A Transformer-based model for read-level DNA methylation pattern identification and tumour deconvolution
Project description
MethylBERT: A Transformer-based model for read-level DNA methylation pattern identification and tumour deconvolution
The figure was generated using biorender
BERT model to classify read-level DNA methylation data into tumour/normal and perform tumour deconvolution.

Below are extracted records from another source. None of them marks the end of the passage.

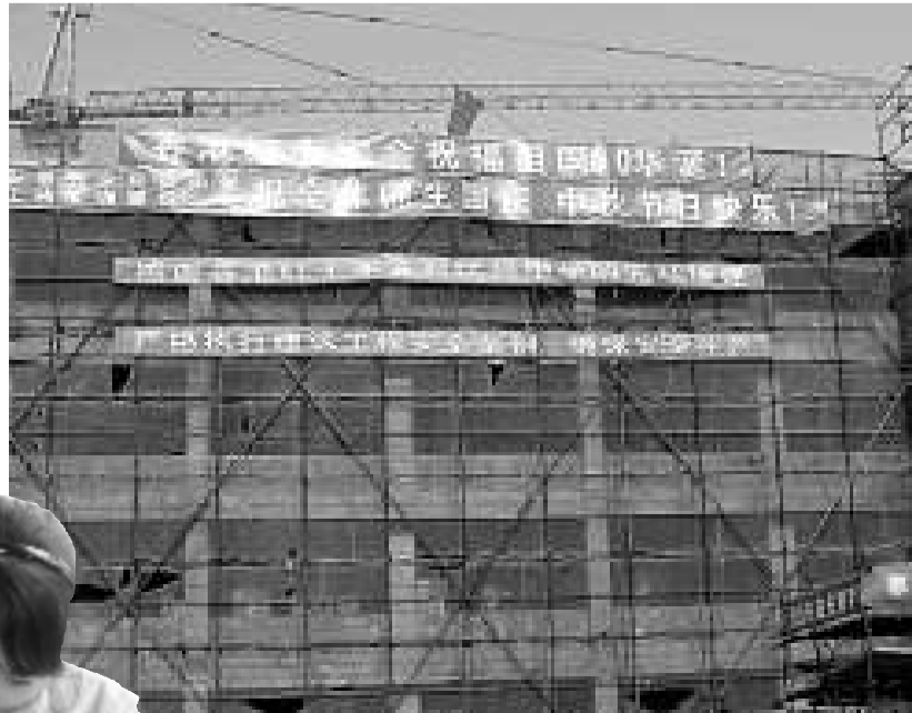
▲11月20日，香港紅十字會援建的安縣秀水鎮民興初級中學進行了教學樓綜合樓主體驗收 ▲綿陽市遊仙區中興鎮初中學生暫仍在板房上課

金發放工資，施工單位在辦施工證前還要向建設局繳納工資保證金，大約是工程造價的3%。作為本地建築企業，雖然現在不到10%的利潤遠比不上震前的15%的建築行業利潤豐厚，也應該為當地奉獻一分力量。 香港特區援建綿陽市的項目共有26個，總投資92661萬元。其中教育項目7個，總投資32533萬元；衛生項目10個，總投資48090萬元；社會福利項目1個，總投資2554萬元；殘疾人項目8個，總投資9484萬元。開展招投標工作項目2個，魏城鎮中心學校和梓潼縣文昌初級中學已完成招投標，正在簽訂協議，施工隊即將進場施工；截至10月30日，已開工項目年度累計完成投資2515.19萬元。
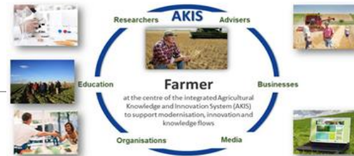
The structure of AKIS
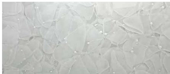
GK-102 Polar White, pure / matt / poliert
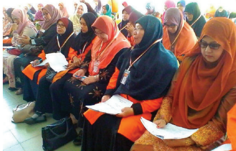
Perwakilan Konvensyen Awan Kelantan tekun mengikuti persidangan.

Hampir 100 pemerhati turut hadir pada konvensyen itu selain perwakilan terdiri jawatankuasa negeri, kawasan Machang dan Tumpat.
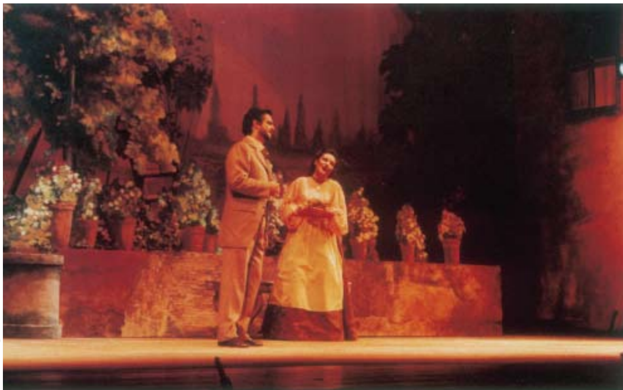
L'amico Fritz , Livorno 1991, Teatro "La Gran Guardia"

panni di Turiddu) e Silvano (1980), ne Le Maschere (1983, nella fortunata e colorata produzione firmata dal regista Giampaolo Zennaro). Poi la forzata chiusura del Teatro e l'esilio delle stagioni liriche del Comitato Estate livornese nel teatro all'aperto di Villa Mimbelli e al Teatro La Gran Guardia, dove a partire dal 1990, anno delle celebrazioni del centenario di Cavalleria rusticana – che verrà diretta nell'occasione da un grande depositario della tradizione operistica italiana, il fiorentino Bruno Bartoletti - il Teatro di Tradizione di Livorno consolida quel Progetto Mascagni che costituisce il punto di partenza di una nuova rinascita di interessi per Mascagni e che vede nuovamente la città natale del musicista come punto di riferimento per una ricognizione esecutiva e critica della sua opera, con le edizioni del
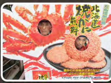
函館朝市で沢山の海産物を、見学(笑)
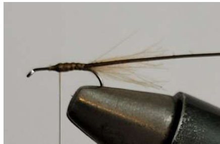
Former un sous corps avec la soie de montage
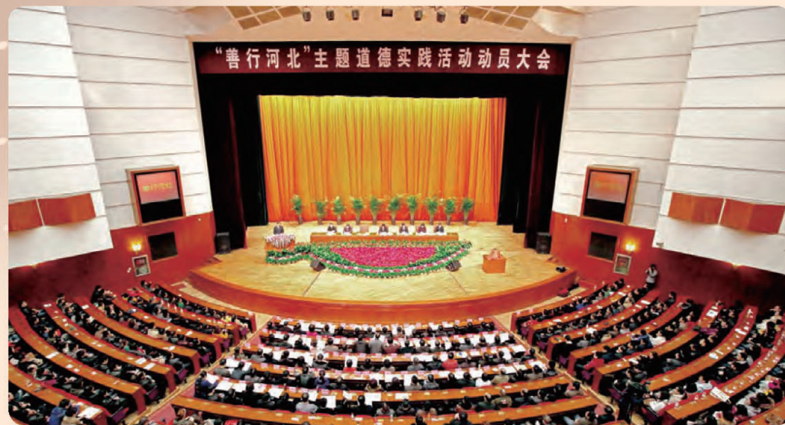
◎ 河北省文明委在全省启动“善行河北”主题道德实践活动。
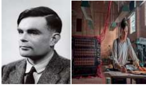
Figura 2 - Alan Turing e cenas do filme
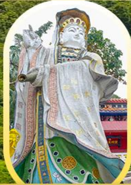
วัดเจ้าแม่กวนอิมรี พลัสเซนยี
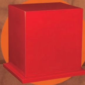
ADONAI / ROJA
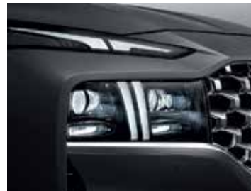
Full LED Projection Headlamp
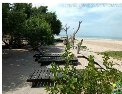
Sillas sobre área de playa.
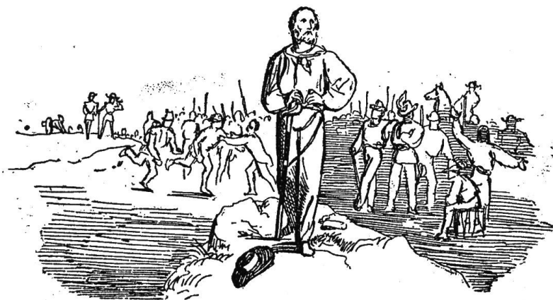
Und wie diese Erfolge in Wirklichkeit sind.
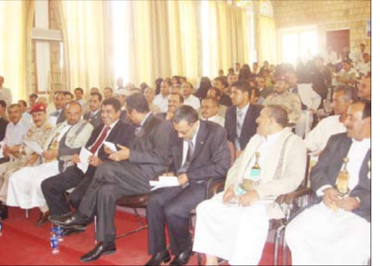
محافظ تعز يكرم الفائزين بجوائز رئيس الجمهورية
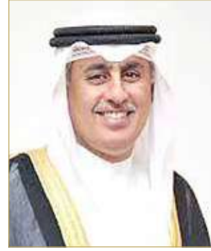
وزير الصناعة والتجارة والسياحة

حماية المستهلك وتعريفه بواجباته في الأعوام الماضية من خلال تبني عدد من المبادرات والسبل لتوعية المستهلك وثقافته بالحقوق والواجبات إلى جانب رقابة الأسواق بكفاءة أعلى والتأكد من خلوها من الممارسات التجارية غير النزيفة، والتنسيق مع الأشقاء في دول مجلس
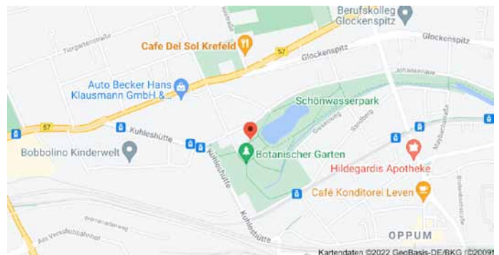
Karte mit Anfahrtsskizze

Der QR-Code kann mit einer QR-Scanner als kostenlos verfügbare App auf dem Mobiltelefon in Sekunden eingelesen werden. Mit dem Einlesen erscheinen Koordinaten, die mit einem Klick bei Google gesucht werden können. Diese markieren in der Google-Maps-Karte den Punkt, an dem der Baum steht.
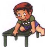
會自己從椅子爬下
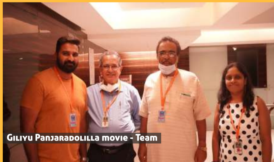
GILYU PANJARADOLILLA movie - Team
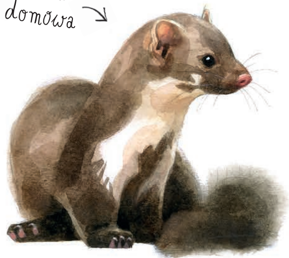
← kuna domowa →

← Pewnego razu dostaliśmy od kun taki oto... pakunek.
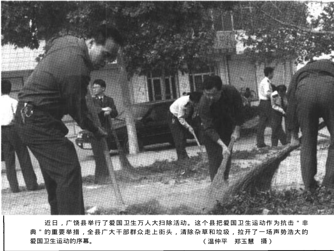
近日，广饶县举行了爱国卫生万人打扫卫生活动。这个县把爱国卫生运动作为抗击“非典”的重要举措，全县广大干部群众走上街头，清除杂草和垃圾，拉开了一场声势浩大的爱国卫生运动的序幕。
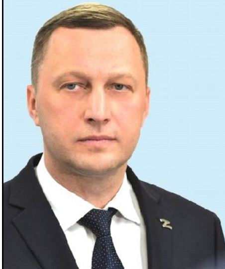
Регион 64. Информационное агентство
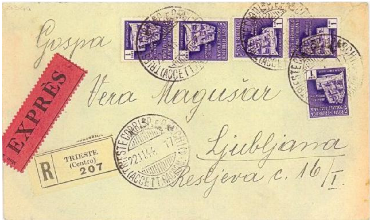
Fig.1 - Lettera raccomandata espresso da Trieste 22-11-44 per Lubiana, affrancata con RSI monumenti distrutti 1 lira x cinque

previo benessere del Gauleiter, e tedeschi furono sia il comando degli organi di polizia fascisti che l'effettuazione della leva militare; venne anche proibita l'esposizione della bandiera italiana repubblicana. Questa fu dunque la situazione di Trieste, ove per l'importanza della città le conseguenze e le restrizioni furono particolarmente gravi e pesanti per la cittadinanza. Per quanto riguarda il servizio postale fu operativa una doppia organizzazione il che rende questo periodo di particolare interesse per i collezionisti di storia postale moderna. Gli uffici postali italiani continuarono a svolgere la loro normale attività per la corrispondenza degli utenti civili, sia diretta all'interno della R.S.I. che all'estero, corrispondenza affrancata coi francobolli e secondo le tariffe in corso nella repubblica fascista (fig. 1 e 2).
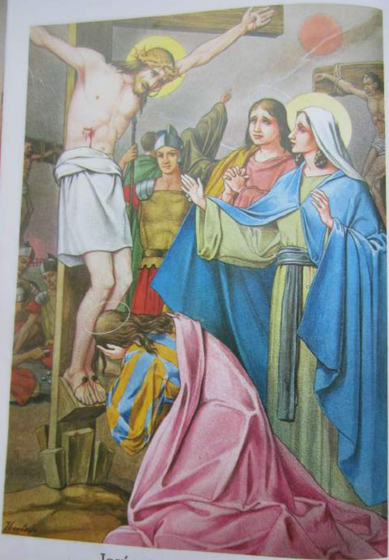
Jesús muere en la cruz
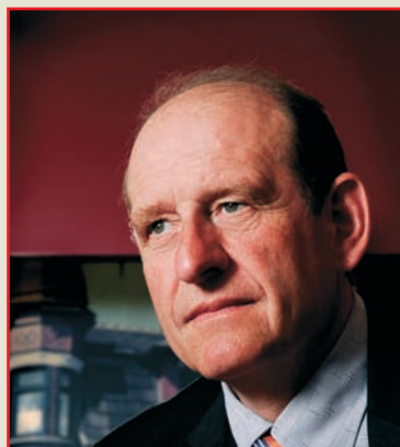
Con op den Kamp.
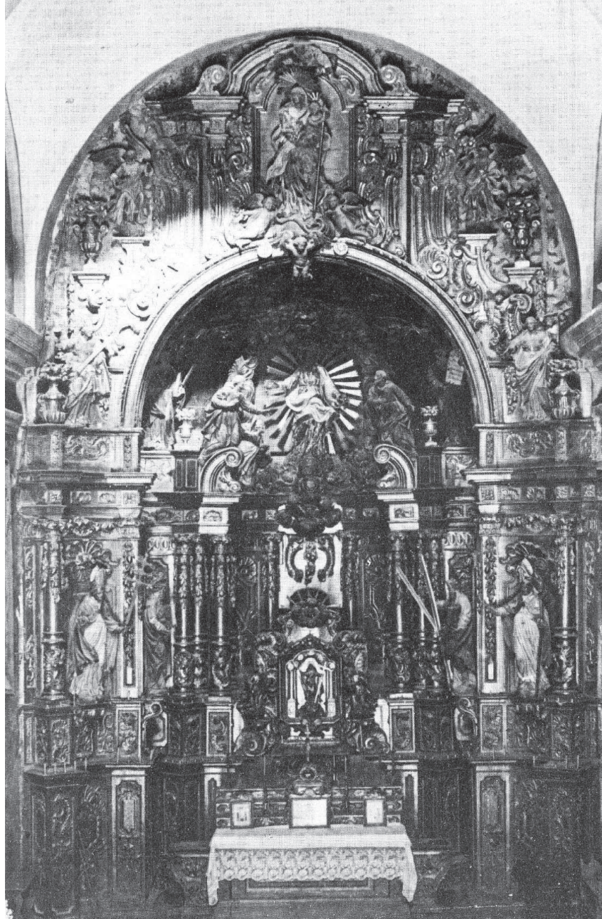
Fig. 5. Juneda 1959 (Martinell 1963, lám. 69)
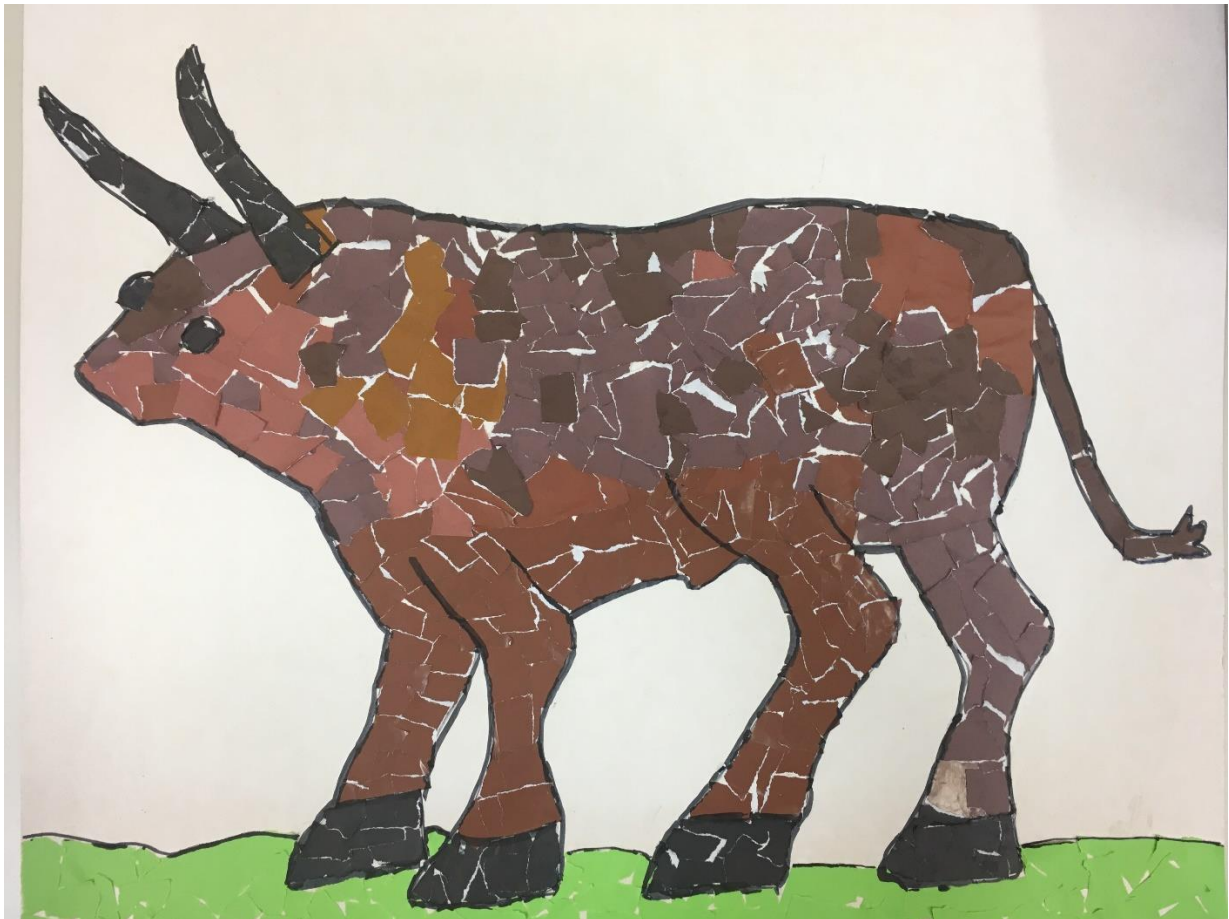
Slika 4: Bloški vol

Bločani so v preteklosti veljali za najboljše rejce in prekupčevalce z govedom. Njihov sloves o dobrih bloških volih je segal daleč v "deveto vas". Na sejmih širom Slovenije in Hrvaške so kupovali "skumrane" – suhe in sestradane vole in jih preko leta z dobro bloško krmo vzredili v močne živali za delo napolju in v gozdu. Take so v jeseni na Mihaelovem sejmu prodali za dobre denarce. Tako kot Bločani so bili odločni, močni in trmasti tudi njihovi voli. Volov danes na Blokah ni več, je pa ostal rek – Trmast kot bloški vol.
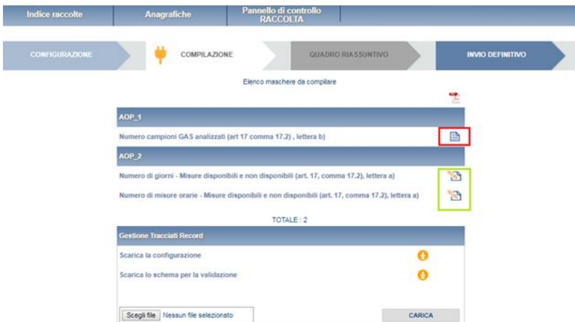
Figura 4.5: Elenco maschere dopo la compilazione

Dopo che una maschera (qualunque essa sia) è stata compilata correttamente, ed è stato effettuato il salvataggio, l'icona associata alla maschera da compilare nella pagina di elenco delle maschere (figura 4.1) cambierà aspetto come evidenziato in figura 4.5 (rettangolo rosso), per permettere all'utente di poter comprendere quali maschere ha già compilato e quali deve ancora compilare (rettangolo verde).
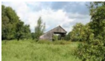
Ook dit is beeldbepalend.

Het al genoemde inventariseren heeft een meerledig doel. Ook voor het in beeld krijgen welke panden er een beschermde status hebben en welke daar in overleg met de regionale overheden nog aan toe gevoegd zouden moeten worden. Dit kan pas aanvangen als de inventarisgegevens verder gecompleteerd zijn.
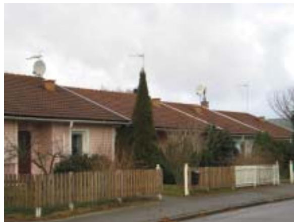
T.v. Teatervägen, kvarteret Hackspetten, med kedjehus från 1976. T.h. Videgatan, kvarteret Rosen, med radhus från 1983.

MethylBERT is implemented using pytorch and transformers 🤗.
Paper
MethylBERT paper is now online on bioRxiv!!
MethylBERT: A Transformer-based model for read-level DNA methylation pattern identification and tumour deconvolution, Yunhee Jeong, Karl Rohr, Pavlo Lutsik, bioRxiv 2023.10.29.564590; doi: https://doi.org/10.1101/2023.10.29.564590
Installation
MethylBERT runs most stably with Python=3.7
Pip Installation
MethylBERT is available as a python package.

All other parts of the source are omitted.